Task objective:
After locating the line that contains "住所:千葉県船橋市前原西5-14-12 竹村昂扇上方舞研究所", output that line and each one following it, exactly, to the end of the entries. No pictures.

━━━━━ Listed entries

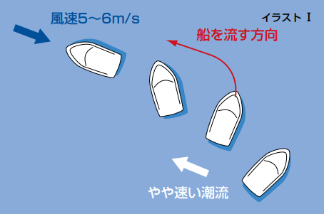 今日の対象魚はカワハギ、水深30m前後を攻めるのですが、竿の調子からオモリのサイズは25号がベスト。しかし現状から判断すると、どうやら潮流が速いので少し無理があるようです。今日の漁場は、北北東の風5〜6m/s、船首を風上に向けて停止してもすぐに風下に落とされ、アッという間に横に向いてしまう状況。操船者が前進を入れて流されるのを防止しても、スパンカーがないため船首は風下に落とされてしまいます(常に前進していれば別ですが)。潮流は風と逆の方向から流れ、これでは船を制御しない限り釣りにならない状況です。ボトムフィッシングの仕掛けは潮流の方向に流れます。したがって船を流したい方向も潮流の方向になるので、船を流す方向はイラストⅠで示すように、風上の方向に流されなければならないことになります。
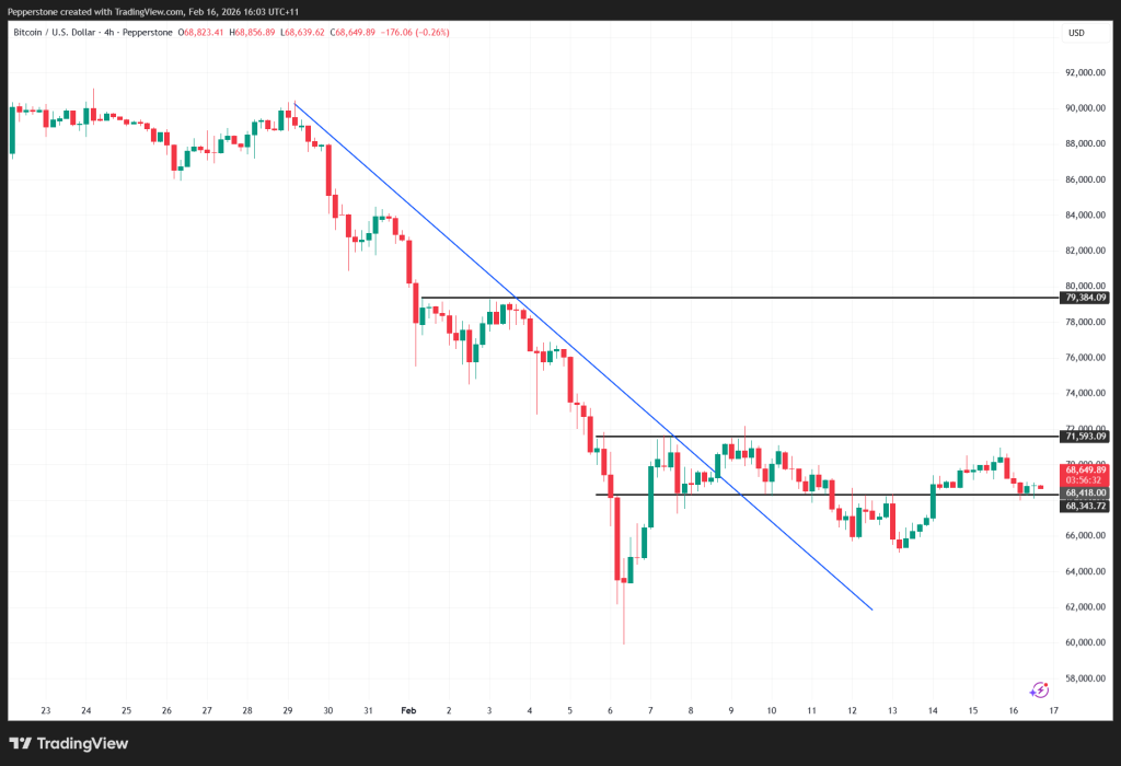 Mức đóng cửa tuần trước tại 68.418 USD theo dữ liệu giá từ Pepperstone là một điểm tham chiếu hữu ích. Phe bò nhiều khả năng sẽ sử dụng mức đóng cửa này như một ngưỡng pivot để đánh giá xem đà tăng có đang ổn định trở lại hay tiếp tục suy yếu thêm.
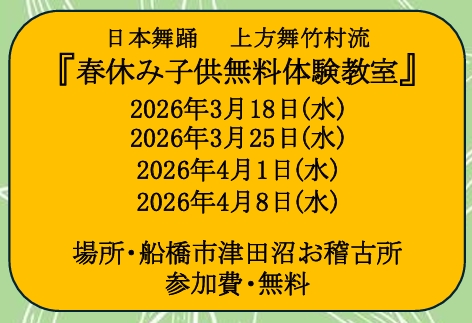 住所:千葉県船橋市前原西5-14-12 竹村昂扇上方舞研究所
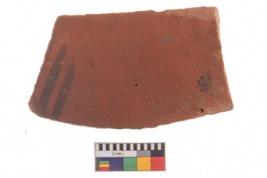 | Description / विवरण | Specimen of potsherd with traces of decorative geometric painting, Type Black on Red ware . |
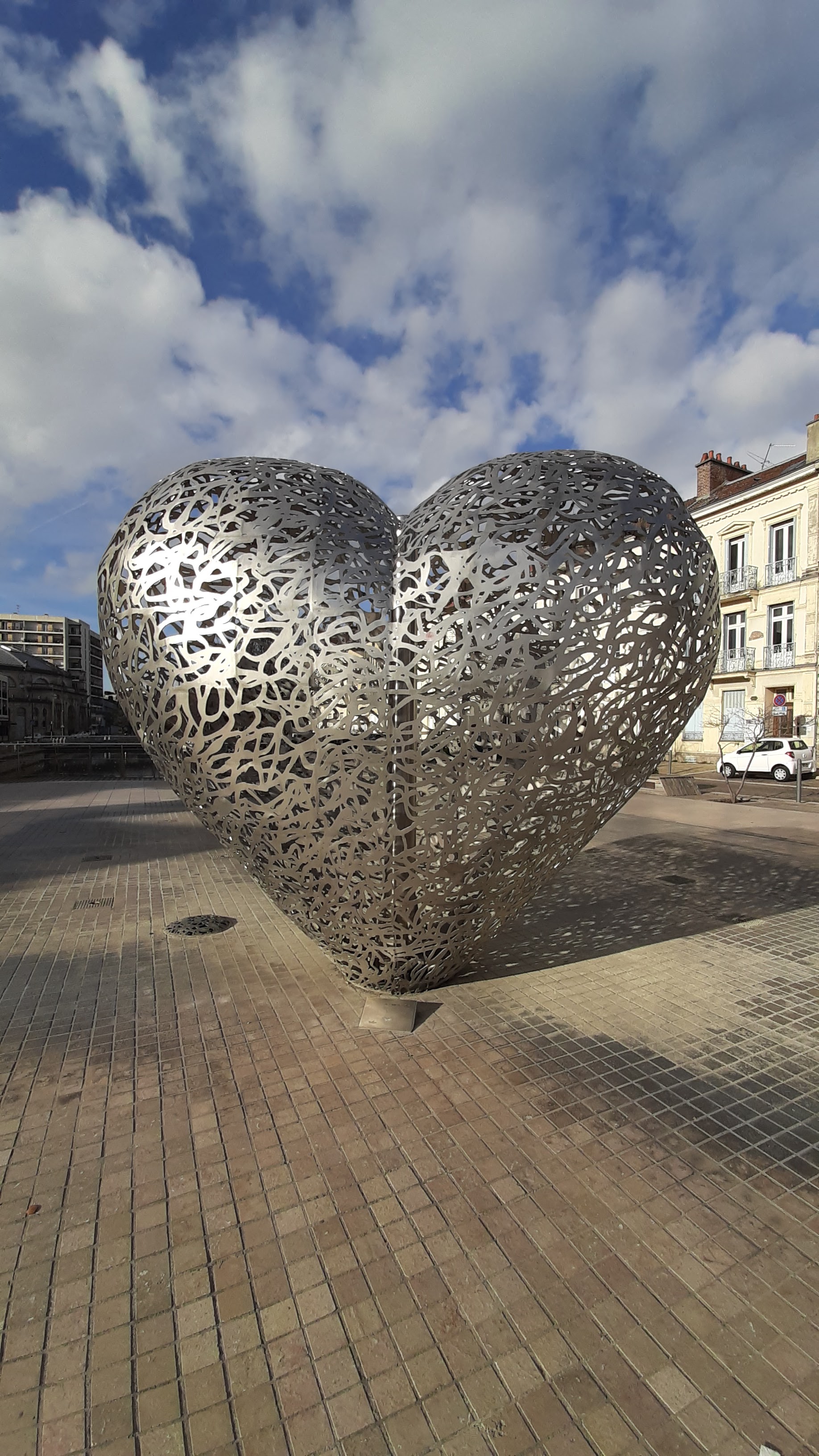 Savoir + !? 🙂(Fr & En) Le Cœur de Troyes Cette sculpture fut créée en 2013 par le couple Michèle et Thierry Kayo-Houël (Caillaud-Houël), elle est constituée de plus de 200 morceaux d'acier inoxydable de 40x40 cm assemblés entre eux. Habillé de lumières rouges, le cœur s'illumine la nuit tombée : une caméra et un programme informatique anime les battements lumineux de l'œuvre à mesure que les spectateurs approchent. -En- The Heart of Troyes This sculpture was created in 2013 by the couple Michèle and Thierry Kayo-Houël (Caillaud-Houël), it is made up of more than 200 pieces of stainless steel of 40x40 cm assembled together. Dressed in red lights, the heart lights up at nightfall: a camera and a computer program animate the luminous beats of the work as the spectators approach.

━━━━━━━━━━

Output below:
 住所:千葉県船橋市前原西5-14-12 竹村昂扇上方舞研究所
 | Description / विवरण | Specimen of potsherd with traces of decorative geometric painting, Type Black on Red ware . |
 Savoir + !? 🙂(Fr & En) Le Cœur de Troyes Cette sculpture fut créée en 2013 par le couple Michèle et Thierry Kayo-Houël (Caillaud-Houël), elle est constituée de plus de 200 morceaux d'acier inoxydable de 40x40 cm assemblés entre eux. Habillé de lumières rouges, le cœur s'illumine la nuit tombée : une caméra et un programme informatique anime les battements lumineux de l'œuvre à mesure que les spectateurs approchent. -En- The Heart of Troyes This sculpture was created in 2013 by the couple Michèle and Thierry Kayo-Houël (Caillaud-Houël), it is made up of more than 200 pieces of stainless steel of 40x40 cm assembled together. Dressed in red lights, the heart lights up at nightfall: a camera and a computer program animate the luminous beats of the work as the spectators approach.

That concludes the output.